William Morris Archive


Draw we nigher now to the heart of our tale, and tell how on the east side of the Sundering Flood was erewhile a stead hight Wethermel: a stead more lonely than most even in that Dale, the last house but one, and that was but a cot, toward the mountains at the head of the Dale. It was not ill set down, for its houses stood beneath a low spreading knoll, the broader side whereof was turned to the south-west, and where by consequence was good increase of corn year by year. The said knoll of Wethermel was amidst of the plain of the Dale a mile from the waterside, and all round about it the pasture was good for kine and horses and sheep all to the water's lip on the west and half way up the bent on the east; while towards the crown of the bent was a wood of bushes good for firewood and charcoal, and even beyond the crown of the bent was good sheep-land a long way.
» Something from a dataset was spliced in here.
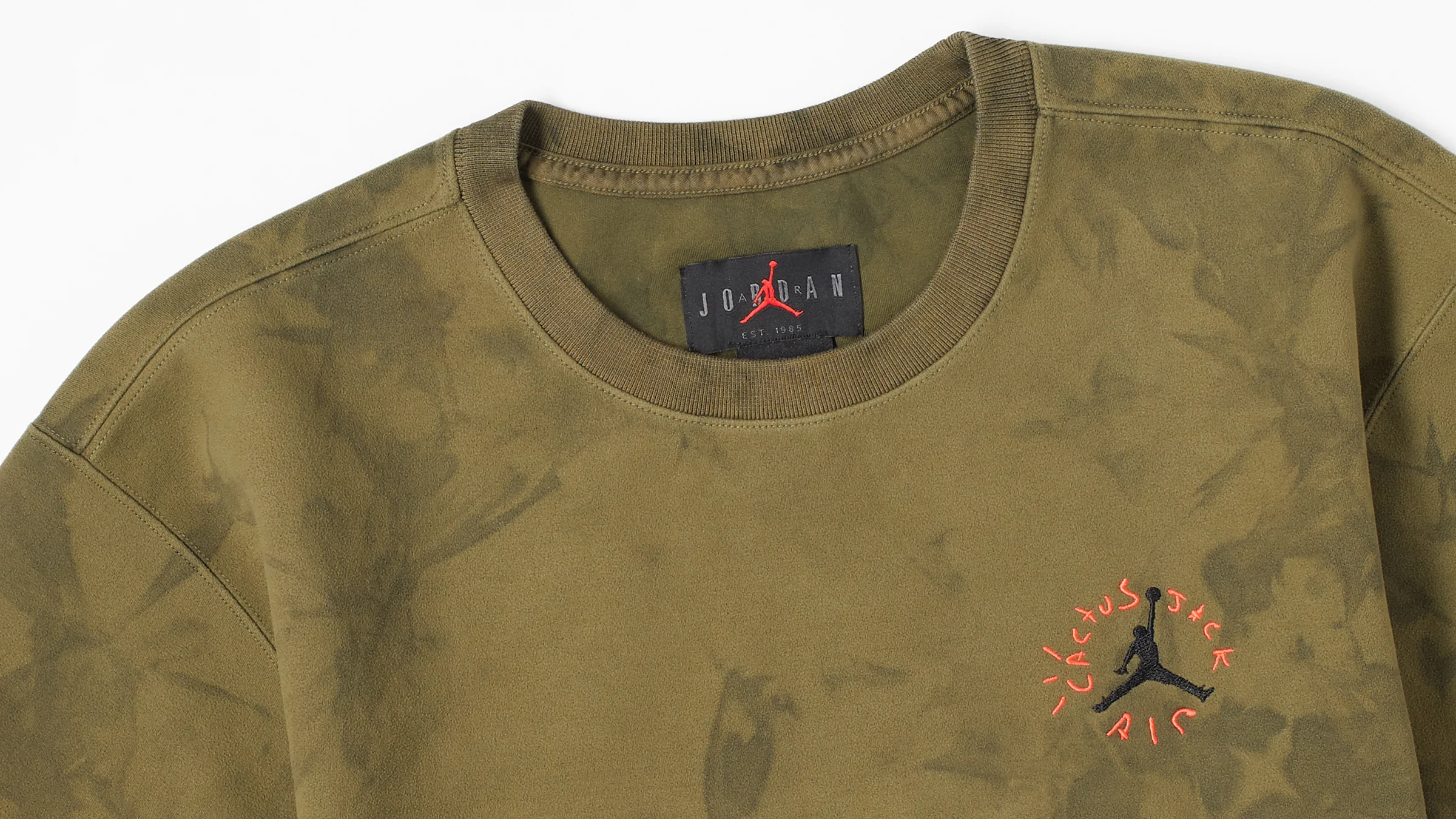 Influenced by Jordan Brands heritage and Scotts unique creative expression this limited time capsule release comprises of hoodies, cargo pants, t-shirts and a pair of shorts. Running in theme with the military influence from the matching sneaker, green olive and black serve as the base colours for the collection with pieces featuring a unique dying pattern providing a subtle camouflage effect.
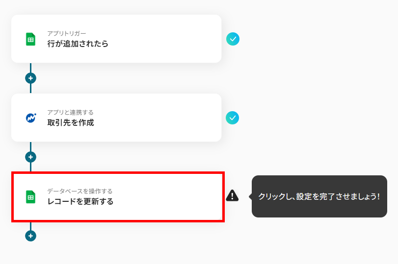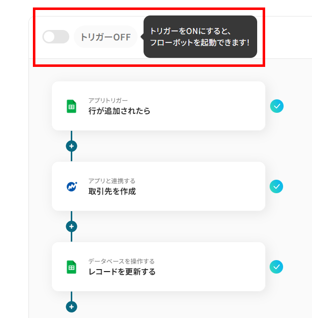 これをフローの中に組み込むことで、CRMやGoogle スプレッドシートに新しい顧客情報が追加された際に、自動でマネーフォワード クラウド請求書にも取引先として登録できます。

Nevertheless, though its land was fruitful as for that country, yet had Wethermel no great name for luck, and folk who had the choice would liever dwell otherwhere, so that it was hard for the goodman to get men to work there for hire. Many folk deemed that this ill-luck came because the knoll had been of old time a dwelling of the Dwarfs or the Land-wights, and that they grudged it that the children of Adam had supplanted them, and that corn grew on the very roof of their ancient house. But however that might be, there was little thriving there for the most part: and at least it was noted by some, that if there were any good hap, it ever missed one generation, and went not from father to son, but from grandsire to grandson: and even so it was now at the beginning of this tale.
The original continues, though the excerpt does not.